**WHAT THE EXERCISE ASKS**
Write out again, word for word, the lines below from the line that holds "Президент Украины Владимир" through the line that holds "こちらはタイで人気のレトルト", omitting pictures.

**PROVIDED RECORDS**
┌──
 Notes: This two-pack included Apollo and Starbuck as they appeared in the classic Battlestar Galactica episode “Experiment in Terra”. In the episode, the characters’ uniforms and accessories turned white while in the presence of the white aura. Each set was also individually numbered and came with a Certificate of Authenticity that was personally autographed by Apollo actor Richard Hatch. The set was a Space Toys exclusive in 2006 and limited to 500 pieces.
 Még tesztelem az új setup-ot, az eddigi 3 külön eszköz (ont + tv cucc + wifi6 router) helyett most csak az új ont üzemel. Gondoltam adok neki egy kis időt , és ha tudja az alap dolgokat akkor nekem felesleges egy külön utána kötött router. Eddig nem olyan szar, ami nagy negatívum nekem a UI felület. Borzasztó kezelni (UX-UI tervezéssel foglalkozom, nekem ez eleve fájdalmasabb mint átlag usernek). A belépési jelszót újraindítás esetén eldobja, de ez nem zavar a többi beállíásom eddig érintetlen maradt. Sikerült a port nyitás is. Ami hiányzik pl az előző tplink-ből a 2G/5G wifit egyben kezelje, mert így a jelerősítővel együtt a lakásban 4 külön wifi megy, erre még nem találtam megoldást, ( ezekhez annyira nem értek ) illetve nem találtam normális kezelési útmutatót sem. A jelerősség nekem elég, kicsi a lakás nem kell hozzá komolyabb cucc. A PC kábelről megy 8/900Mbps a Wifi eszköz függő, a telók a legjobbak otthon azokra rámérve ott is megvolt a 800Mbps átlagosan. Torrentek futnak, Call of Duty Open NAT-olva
└──
┌──
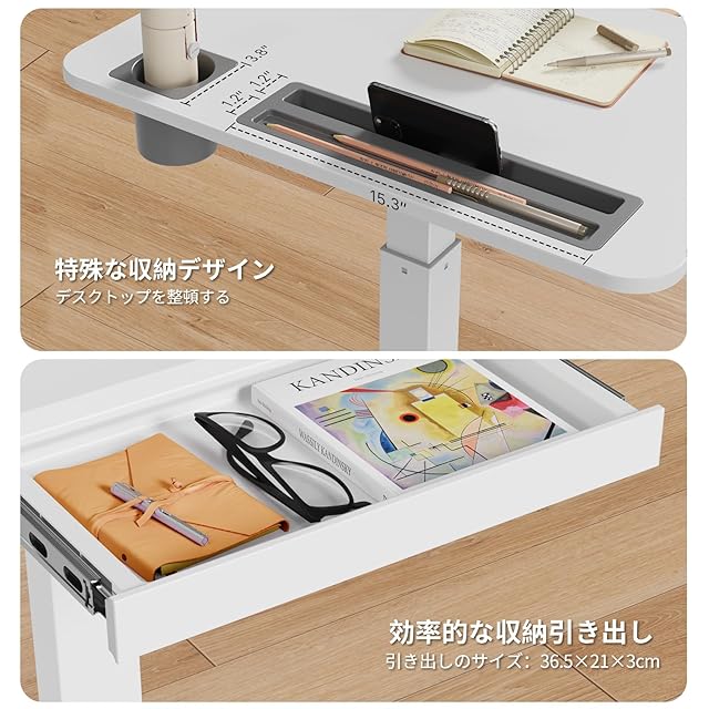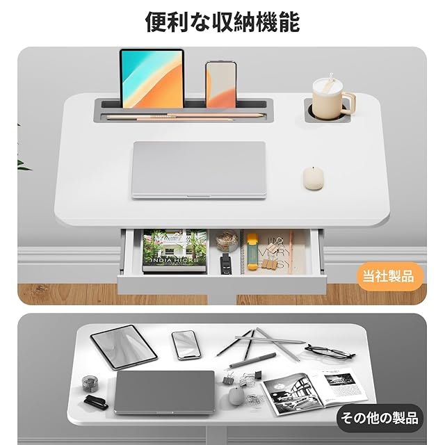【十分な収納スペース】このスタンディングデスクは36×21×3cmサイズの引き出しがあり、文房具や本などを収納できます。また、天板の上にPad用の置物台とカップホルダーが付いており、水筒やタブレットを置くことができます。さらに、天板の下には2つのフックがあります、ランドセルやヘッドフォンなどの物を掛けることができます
└──
┌──
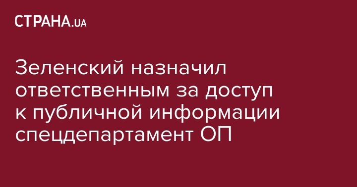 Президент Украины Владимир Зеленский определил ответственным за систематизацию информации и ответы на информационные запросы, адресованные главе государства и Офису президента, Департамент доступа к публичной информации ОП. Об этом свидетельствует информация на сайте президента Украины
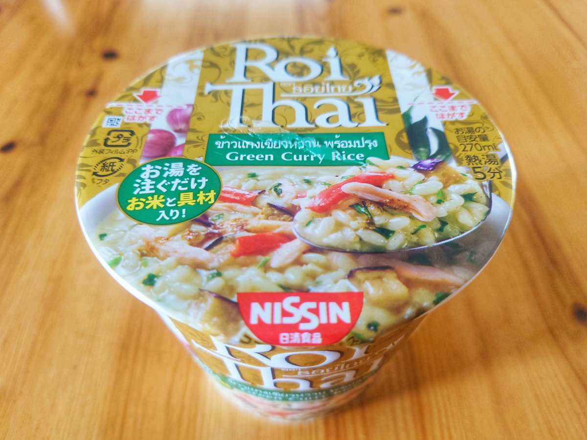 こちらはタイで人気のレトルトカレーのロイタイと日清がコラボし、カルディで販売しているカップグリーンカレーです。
└──
**TASK RESULT**
 Президент Украины Владимир Зеленский определил ответственным за систематизацию информации и ответы на информационные запросы, адресованные главе государства и Офису президента, Департамент доступа к публичной информации ОП. Об этом свидетельствует информация на сайте президента Украины
 こちらはタイで人気のレトルトカレーのロイタイと日清がコラボし、カルディで販売しているカップグリーンカレーです。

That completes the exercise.